The method of funding the NDIS must be sustainable. It cannot be funded on deficit spending. Without criticising this government, we have had the four largest budget deficits in our nation's history. We had a $20 billion surplus, net zero debt and $60 billion in Future Fund. By the end of the last financial year, we had borrowed $120 million every day and now our level of national debt is north of $140 billion. Because of the debt we have accumulated, next year, before we find one cent for the disabled, we in this parliament have to come up with close to $7 billion in interest payments, which will mainly go to foreigners. That is the equivalent of $300 for every man, woman and child, or $1,200 for a family of four. Those are the interest payments that we have to come up with. We have to come up with that $7 billion year after year for ever, until we start paying back the $140 million we borrowed.

That is the reason why we cannot fund the NDIS out of further deficit spending. The truth is there are only two ways that we can fund the NDIS. We must cut the waste. We must eliminate many of the indulgent, feelgood schemes, and we must do it by making sure our economy is running on all cylinders and by lifting our productivity. We cannot do that by introducing new taxes that raise the cost of doing business in Australia and make Australian industry uncompetitive.
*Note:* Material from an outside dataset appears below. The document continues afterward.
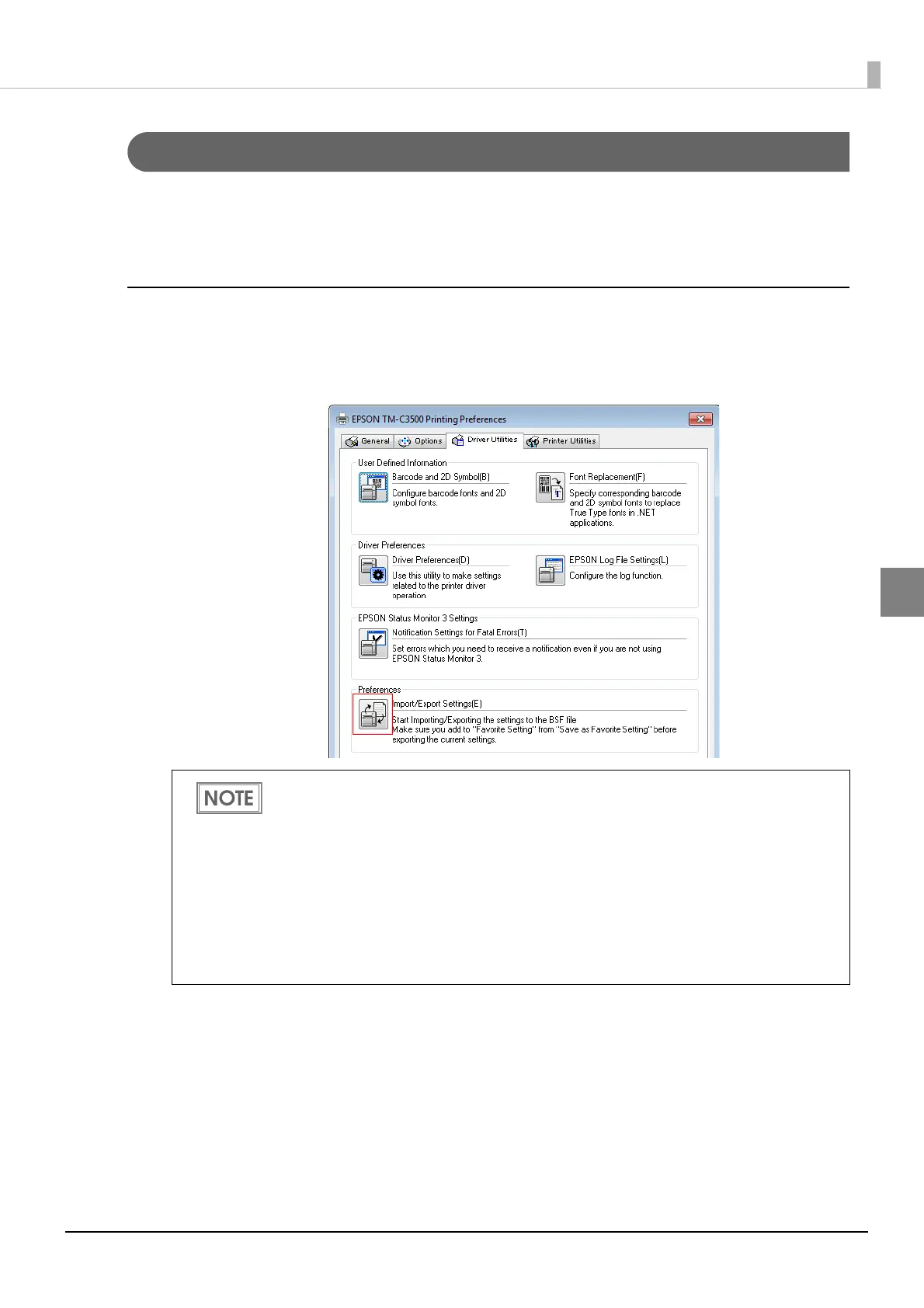 Select [Driver Utilities] tab. Click [Import/Export Settings].

This motion calls for a bipartisan committee and I would like to put my name forward as a member of the committee, for, as they say, I have skin in the game: I know how desperately we need an NDIS, because it affects me directly. My son Trent was born 16 years ago with Down syndrome and autism. He has no speech. My wife and I will need to care for him for our entire lives. This has made me appreciate how each individual has their real value and how the dignity of every individual must be respected, but most importantly it has awakened me to the fact that as a nation we need to do so much more for our children with disabilities and for their carers. It has made me personally aware of the unsung group of carers across Australia, who we may well call our neglected people.

I personally understand that for parents caring for a physically or intellectually disabled child it becomes a lifetime's task. I understand that for most carers there are no days off, there is no sick pay, there is no holiday pay and there is no superannuation. When carers grow old, they do so with the worry about what will happen to their children when they are too old or frail to nurse them. Many parents I know with kids with severe disabilities are on medication for depression. Divorce rates are high and studies show that single mums who have kids with severe disabilities have the same stress levels as soldiers in combat.

We are a wealthy and compassionate country. The time has come for us to find a way—a bipartisan way, without any of the old excuses—to provide a generous and practical response to the needs of people with severe disabilities and their carers. I call on members of the government, many of whom I know genuinely want to see the NDIS delivered over the term of these three parliaments, over these seven years, to show goodwill and to support this motion. Let us refocus on getting this done rather than scoring political points off each other. Also, showing support for this motion would be a great boost to our disabled people. It would show we really want to get this done. I hope as members of the government you will support this motion.